Critical Word Load(关键词加载)

Memory is transferred from the main memory into the caches in blocks which are smaller than the cache line size.

Today 64 bits are transferred at once and the cache line size is 64 or 128 bytes.

This means 8 or 16 transfers per cache line are needed.

The DRAM chips(DRAM芯片) can transfer those 64-byte blocks in burst mode.

This can fill the cache line without any further commands from the memory controller and the possibly associated(相关) delays.

If the processor prefetches(预取) cache lines this is probably the best way to operate.

If a program’s cache access of the data or instruction caches misses (that means, it is a compulsory cache miss, because the data is used for the first time, or a capacity cache miss, because the limited cache size requires eviction of the cache line) the situation is different.

如果程序对数据或指令缓存的缓存访问未命中(这意味着它是强制缓存未命中,因为数据是第一次使用,或容量缓存未命中,因为有限的缓存大小需要驱逐缓存行 )情况有所不同。

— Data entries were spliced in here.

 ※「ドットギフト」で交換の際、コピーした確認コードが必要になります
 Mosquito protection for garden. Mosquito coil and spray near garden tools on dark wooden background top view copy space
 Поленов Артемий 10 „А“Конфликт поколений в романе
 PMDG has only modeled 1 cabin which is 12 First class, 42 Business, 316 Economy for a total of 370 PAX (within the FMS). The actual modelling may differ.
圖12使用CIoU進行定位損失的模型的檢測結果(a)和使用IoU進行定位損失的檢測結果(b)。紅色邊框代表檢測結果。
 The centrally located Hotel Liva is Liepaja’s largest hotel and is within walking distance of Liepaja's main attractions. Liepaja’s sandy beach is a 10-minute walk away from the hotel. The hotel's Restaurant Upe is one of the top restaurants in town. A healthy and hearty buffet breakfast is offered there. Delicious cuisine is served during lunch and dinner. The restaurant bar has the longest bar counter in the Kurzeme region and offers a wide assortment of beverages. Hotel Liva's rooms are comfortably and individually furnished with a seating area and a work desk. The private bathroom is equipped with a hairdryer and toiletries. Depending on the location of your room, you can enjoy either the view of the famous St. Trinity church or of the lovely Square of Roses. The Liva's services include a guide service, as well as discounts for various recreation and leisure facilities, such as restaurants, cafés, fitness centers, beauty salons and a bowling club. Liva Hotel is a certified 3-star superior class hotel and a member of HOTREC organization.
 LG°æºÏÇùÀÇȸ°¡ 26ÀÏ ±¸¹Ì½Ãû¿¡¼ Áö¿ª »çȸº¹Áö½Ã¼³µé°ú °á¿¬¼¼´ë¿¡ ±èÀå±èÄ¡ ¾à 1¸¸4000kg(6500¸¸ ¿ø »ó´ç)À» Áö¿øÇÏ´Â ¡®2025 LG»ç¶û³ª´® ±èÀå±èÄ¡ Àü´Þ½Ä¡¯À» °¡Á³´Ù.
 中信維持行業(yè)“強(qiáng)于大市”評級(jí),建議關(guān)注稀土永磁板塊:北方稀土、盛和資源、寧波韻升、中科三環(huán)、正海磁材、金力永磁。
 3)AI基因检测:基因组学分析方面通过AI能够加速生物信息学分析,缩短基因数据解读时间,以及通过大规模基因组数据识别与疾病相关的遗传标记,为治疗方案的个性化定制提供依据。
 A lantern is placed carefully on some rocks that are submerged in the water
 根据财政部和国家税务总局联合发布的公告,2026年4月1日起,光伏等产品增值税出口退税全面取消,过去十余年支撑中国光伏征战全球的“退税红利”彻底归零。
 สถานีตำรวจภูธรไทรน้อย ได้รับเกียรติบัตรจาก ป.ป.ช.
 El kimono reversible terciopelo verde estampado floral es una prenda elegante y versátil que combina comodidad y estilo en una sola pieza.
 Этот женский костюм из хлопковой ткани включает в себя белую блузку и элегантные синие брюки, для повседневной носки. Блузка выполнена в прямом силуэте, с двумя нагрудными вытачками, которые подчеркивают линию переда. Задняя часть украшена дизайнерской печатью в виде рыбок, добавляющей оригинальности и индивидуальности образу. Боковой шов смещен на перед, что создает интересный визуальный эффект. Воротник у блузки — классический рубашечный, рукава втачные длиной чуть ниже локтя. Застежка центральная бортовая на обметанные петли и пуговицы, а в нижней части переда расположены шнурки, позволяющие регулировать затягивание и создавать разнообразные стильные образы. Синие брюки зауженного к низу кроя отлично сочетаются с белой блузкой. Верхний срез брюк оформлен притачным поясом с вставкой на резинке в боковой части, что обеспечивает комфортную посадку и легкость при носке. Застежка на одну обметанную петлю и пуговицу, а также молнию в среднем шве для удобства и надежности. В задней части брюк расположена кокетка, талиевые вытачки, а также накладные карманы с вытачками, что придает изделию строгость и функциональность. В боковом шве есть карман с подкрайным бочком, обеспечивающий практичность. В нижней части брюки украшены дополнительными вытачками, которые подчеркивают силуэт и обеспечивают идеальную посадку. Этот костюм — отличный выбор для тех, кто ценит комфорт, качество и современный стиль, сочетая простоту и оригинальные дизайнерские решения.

The word inside the cache line which is required for the program to continue might not be the first word in the cache line.

Even in burst mode and with double data rate transfer the individual 64-bit blocks arrive at noticeably different times.

Each block arrives 4 CPU cycles or more later than the previous one.

If the word the program needs to continue is the eighth of the cache line the program has to wait an additional 30 cycles or more after the first word arrives.






Things do not necessarily have to be like this.

The memory controller is free to request the words of the cache line in a different order.

The processor can communicate which word the program is waiting on, the critical word, and the memory controller can request this word first.

Once the word arrives the program can continue while the rest of the cache line arrives and the cache is not yet in a consistent(一贯) state.

This technique is called Critical Word First & Early Restart.


Processors nowadays implement this technique but there are situations when that is not possible.

If the processor prefetches data the critical word is not known.

Should the processor request the cache line during the time the prefetch operation is in flight it will have to wait until the critical word arrives without being able to influence the order.



Even with these optimizations in place the position of the critical word on a cache line matters.

Figure 3.30 shows the Follow test for sequential and random access.

Shown is the slowdown of running the test with the pointer used in the chase in the first word versus(与) the case when the pointer is in the last word.

The element size is 64 bytes, corresponding(符合,对应) the cache line size.

The numbers are quite noisy but it can be seen that, as soon as the L2 is not sufficient to hold the working set size, the performance of the case where the critical word is at the end is about 0.7% slower.

The sequential access appears to be affected a bit more.

This would be consistent with the aforementioned problem(上述问题) when prefetching the next cache line.